Voici une belle découverte que je dois à mon fils Antoine ....
" Les peintres de chez nous - qu'on ne voie là aucune remarque péjorative - sont, depuis un siècle, des peintres du bonheur. De Manet à Braque en passant par Seurat, Monet, Matisse, Dufy, Bonnard, les plus incontestables de nos artistes se sont astreints à donner de la vie un réjoui : les corps épanouis de Renoir et intérieurs de Vuillard, tout concourt à l'image d'une félicité. Pour un Rouault - on chercherait en vain un autre peintre aux accents tragiques - que d'horizons riants, de bouquets agréables, de seins qui sautillent, de lèvres sensuelles ! Il faut, en revanche, se dire que loin de ce bonheur, les peintres venus ici d'autres pays ont préféré les sondages exacerbés, la poésie totale, les hardiesses de la pensée, le recours au subconscient : Picasso et sa rage. Soutine et son univers déliquescent. Kandinsky et ses rêves géométriques.Il n'est pas étonnant quand on découvre un jeune peintre aussi doué que Tiffou, de constater que tout naturellement il vient rejoindre ses ainés dans les limites de ce bonheur à la française, qui est non seulement affaire de choix, mais ambition de l'âme. A première vue, comme si Tiffou voulait illustrer les paroles de Baudelaire, tout semble luxe, calme et volupté en ses toiles : un luxe de soleil et d'évidences dans les visages ainsi que dans les objets familiers, un calme que peu de gestes peuvent déranger, une volupté qui ne crie jamais ses triomphes mais préfère une réserve pudique. Peu à peu cependant, on se convainc que ce bien-être explicite recèle des secrets, ou du moins des interrogations sans doute surmontées : jamais tout à fait surmontées. L'insistance du blanc - comme un voile de poussière ou une étoffe presque transparent par dessus les couleurs joyeuses - fait naitre des soupçons. Cette blancheur - oui, ce blanchiment et même ce blanchissage devenu soudain effréné - est plus qu'une habitude de peintre : c'est une philosophie des choses à montrer. On en déduit que c'est aussi une dimension morale : les paysages et les êtres auraient donc besoin de purification ? Il n'appartient pas à Tiffou de nous le proposer de façon précise : c'est une simple suggestion, mais qui crée en nous d'étranges prolongements. On en vient à examiner les toiles avec une attention plus appuyée. Ces répétitions d'un thème ou d'un visage, n'est-ce pas comme le regret ou le souvenir d'un ancien drame ? Ce réel, ne serait-il pas un réel dissimulé ?

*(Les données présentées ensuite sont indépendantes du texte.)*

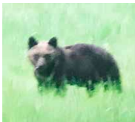
牧草地に現れたヒグマ(双珠別6月)

5月中旬以降、主に上トマムと双珠別で徐々に活動情報が増えています。こうした動きは今年の夏とよく似ています。原因となる個体はさほど多くないと見られ、上トマムでは親子1組と単独若齢個体が1ないし2、双珠別では単独個体が大小交え2ないし3ほどかと思われまふ。6月上旬現在までは主に草を食べ、概ね林内や沢沿いにおりますが、7月以降はアリ採食の比重が高まり、より道路に接近してくると予想されまふ。
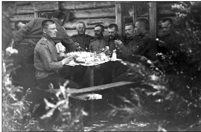
Празднование Пасхи в 1916 году

Как будто тяжесть какая свалилась с души, когда нашел я это место. Конечно, литургии служить нельзя: слишком грязно и тесно, но мы постараемся облагоденствовать насколько возможно и хоть светлую заутреню отслужим не в темноте. Работа закипела, а я побежал в свою фанзу: надо ведь устраивать и у себя пасхальный стол для всех нас. Стол, довольно длинный, мне раздобыли; скатертью обычно служат у нас газеты, но нельзя же так оставить и на Пасху; я достал чистую свою простыню и постлал ее на стол. Затем в середине положил черный хлеб, присланный нам из 6-го эскадрона, прилепил к нему восковую свечу — это наша пасха. Рядом положил 10 красных яиц, копченую колбаску,

Des hiérarchies tout à coup chavirent. On considérait cet essuie-mains comme un détail du décor ; mais le visage ou l'épaule en deviennent bientôt les victimes. On se demande au bout d'un moment de réflexion, si le corps dévore le décor, ou si le décor dévore le corps. Ce ne sont pas de vaines spéculations : Tiffou a l'art de glisser entre deux évidences comme un regard douloureux. Le monde que nous croyions si direct, si apte à goûter sa propre béatitude, se tend un miroir : plusieurs miroirs où il peut aussi bien s'admirer que se remettre en cause. Une formule constante y prédispose encore davantage : le pseudo-collage. Dans nombre d’œuvres, on s'imagine que les attitudes humaines sont comme coincées par des couches de papiers peints. De près, on découvre que c'est une illusion : ce que nous prenions pour un collage, est bel et bien la virtuosité d'un pinceau rieur : oui, moqueur et plein de ressources ironiques. Une fille dort - et si le cauchemar la guettait ? Un visage se promène à plusieurs exemplaires - et si c'était dans l'impossibilité de s'intégrer ? Des fruits vivent dans un tiroir - et si c'était pour mieux échapper à la pourriture ? Le bonheur de Tiffou reconnait le tremblement. Ce peintre hospitalier a des gravités profondes. On l'aime assez vite, peut-être aussi parce qu'il a des blessures invisibles à nous révéler."